#### Activity
Would you transcribe exactly the lines from the one containing "- Kích thủy" to the last line of the data below, both ends included, but none of the pictures?

*** Supplied data ***

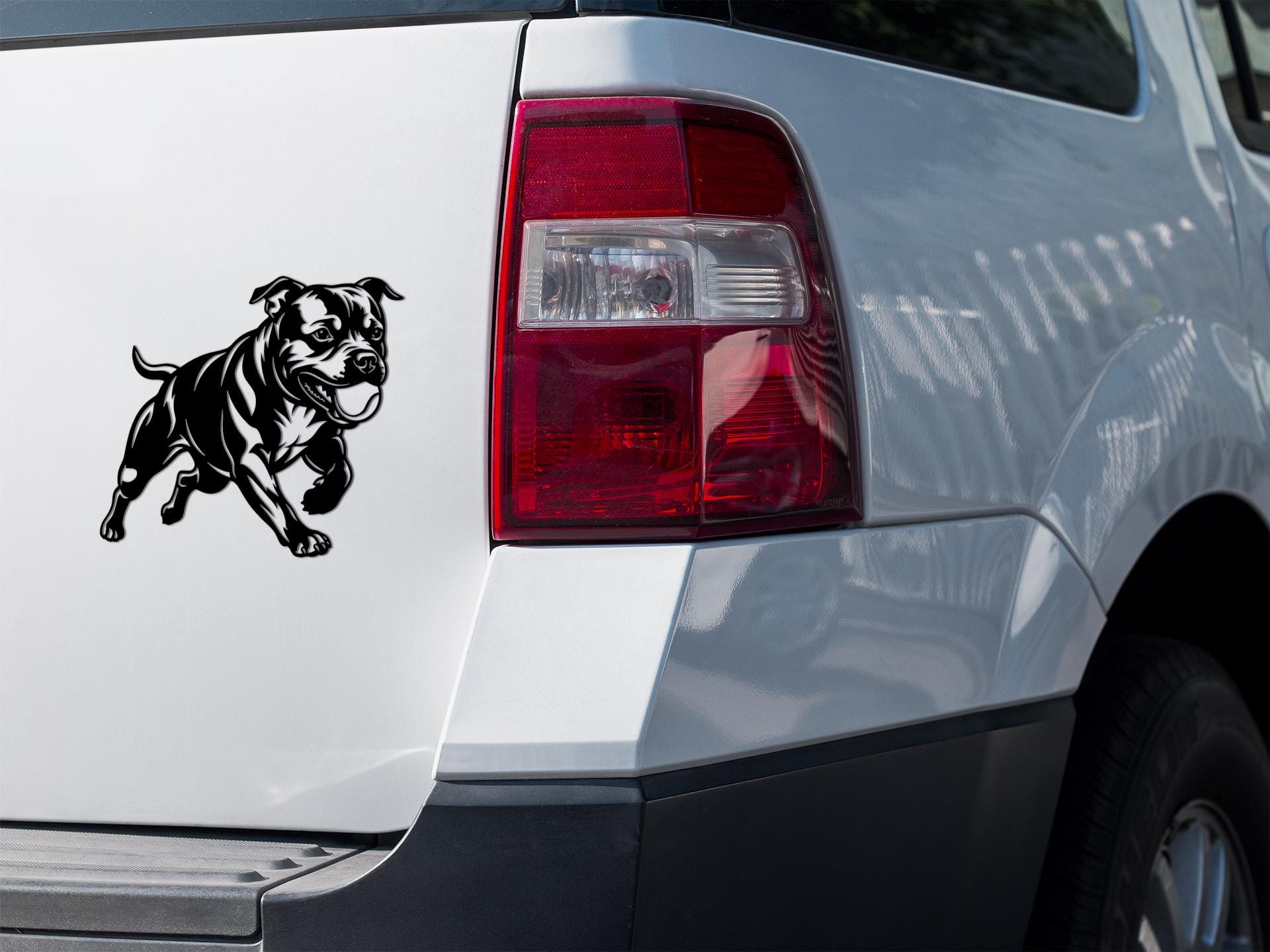 Bring bold personality to your space with this Staffordshire Bull Terrier vinyl decal, crafted in a crisp silhouette style that celebrates strength, loyalty, and charm. The durable adhesive vinyl gives you a clean, professional finish—perfect for car windows, laptops, tumblers, water bottles, or any smooth surface.
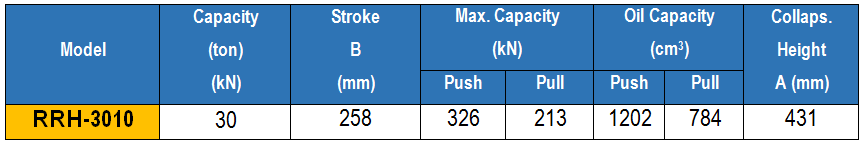 - Kích thủy lực 2 chiều rỗng tâm Duplex RRH-3010 có sức nâng 30 tấn, hành trình pistong 258 mm, đường kính rỗng tâm 33.3 mm. Hoạt động ở áp suất < 700 bar.
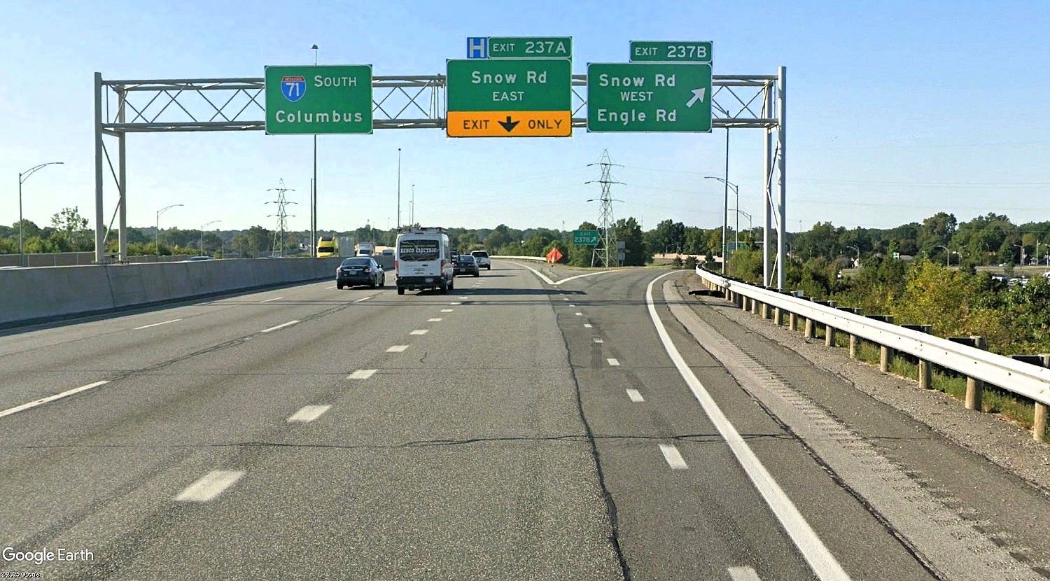 2 — I-71 SB-Snow/Flyover Ramp — This includes a proposed I-71 southbound (SB) slip ramp to Engle Road southbound with the elimination of the northbound movement over the CSX tracks, WB Snow Road slip ramp to Engle southbound, and a new I-71 SB exit ramp flyover bridge to Ring Road (currently Five Points Road/State Route 291 linking Engle to Henry Ford Boulevard.
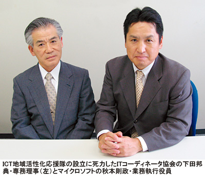応援隊を担当するマイクロソフトの秋本則政・業務執行役員は「キャラバン隊は一定の成果があった。ここで得たのは地域で中心的に動くヒトが必要ということ。そのうえで、地域再生に向けたヒトづくりにITCの活動内容は参考になる」と、同協会と連携する理由を説明する。直接的にIT需要を生まない“足の長い事業”だが、「地域活性化にITは必須」(同)と、地道な活動からIT利活用を促すことを狙っている。
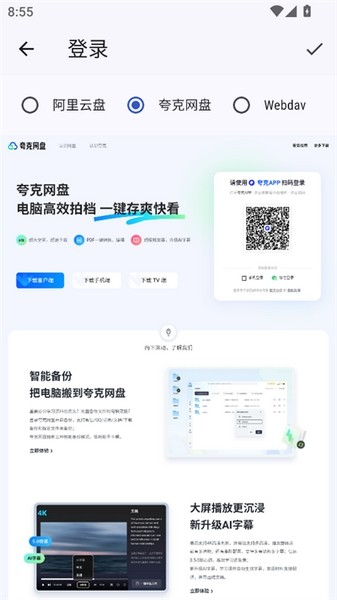 无缝对接阿里云盘、夸克网盘,同时支持 WebDAV 协议,无需繁琐下载步骤,直接在线播放云端资源,让你随时随地畅享影视、文件,尽享便捷与高效。

***

#### Problem solution
 - Kích thủy lực 2 chiều rỗng tâm Duplex RRH-3010 có sức nâng 30 tấn, hành trình pistong 258 mm, đường kính rỗng tâm 33.3 mm. Hoạt động ở áp suất < 700 bar.
 2 — I-71 SB-Snow/Flyover Ramp — This includes a proposed I-71 southbound (SB) slip ramp to Engle Road southbound with the elimination of the northbound movement over the CSX tracks, WB Snow Road slip ramp to Engle southbound, and a new I-71 SB exit ramp flyover bridge to Ring Road (currently Five Points Road/State Route 291 linking Engle to Henry Ford Boulevard.
応援隊を担当するマイクロソフトの秋本則政・業務執行役員は「キャラバン隊は一定の成果があった。ここで得たのは地域で中心的に動くヒトが必要ということ。そのうえで、地域再生に向けたヒトづくりにITCの活動内容は参考になる」と、同協会と連携する理由を説明する。直接的にIT需要を生まない“足の長い事業”だが、「地域活性化にITは必須」(同)と、地道な活動からIT利活用を促すことを狙っている。
 无缝对接阿里云盘、夸克网盘,同时支持 WebDAV 协议,无需繁琐下载步骤,直接在线播放云端资源,让你随时随地畅享影视、文件,尽享便捷与高效。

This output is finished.